• [Exercise requirements]:
In the records below, the relevant part opens with the line containing "Babinsa Pelda Muhammad" and closes with the line containing "配文:希望能利用有限的书桌空间,实现最高的工作效率."; print that part exactly and only, without its pictures.

*** Provided entries ***

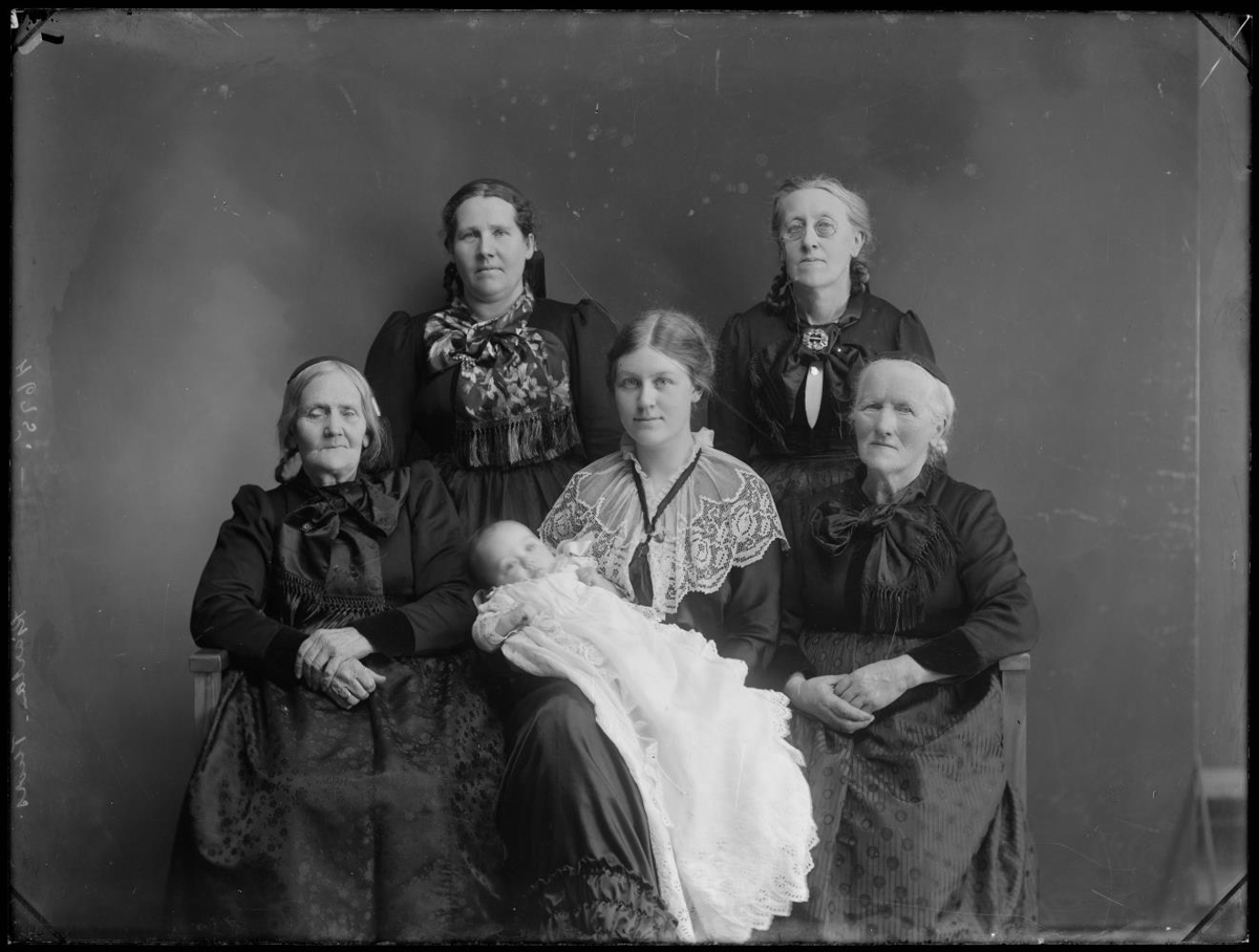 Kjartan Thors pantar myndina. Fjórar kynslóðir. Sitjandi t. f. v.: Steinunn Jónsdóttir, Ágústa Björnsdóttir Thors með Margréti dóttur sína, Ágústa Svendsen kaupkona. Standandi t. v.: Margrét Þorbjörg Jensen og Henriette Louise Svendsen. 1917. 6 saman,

*** End of Provided entries ***
*** Provided entries ***

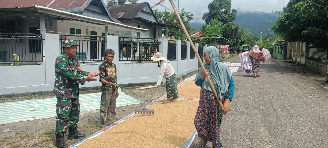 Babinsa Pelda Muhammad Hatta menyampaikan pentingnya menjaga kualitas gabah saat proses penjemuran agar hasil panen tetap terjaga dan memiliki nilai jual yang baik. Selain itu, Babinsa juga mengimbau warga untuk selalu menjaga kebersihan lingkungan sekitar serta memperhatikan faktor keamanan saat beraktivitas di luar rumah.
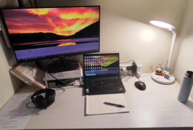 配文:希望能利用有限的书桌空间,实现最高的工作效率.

*** End of Provided entries ***

• [Result of this exercise]:
 Babinsa Pelda Muhammad Hatta menyampaikan pentingnya menjaga kualitas gabah saat proses penjemuran agar hasil panen tetap terjaga dan memiliki nilai jual yang baik. Selain itu, Babinsa juga mengimbau warga untuk selalu menjaga kebersihan lingkungan sekitar serta memperhatikan faktor keamanan saat beraktivitas di luar rumah.
 配文:希望能利用有限的书桌空间,实现最高的工作效率.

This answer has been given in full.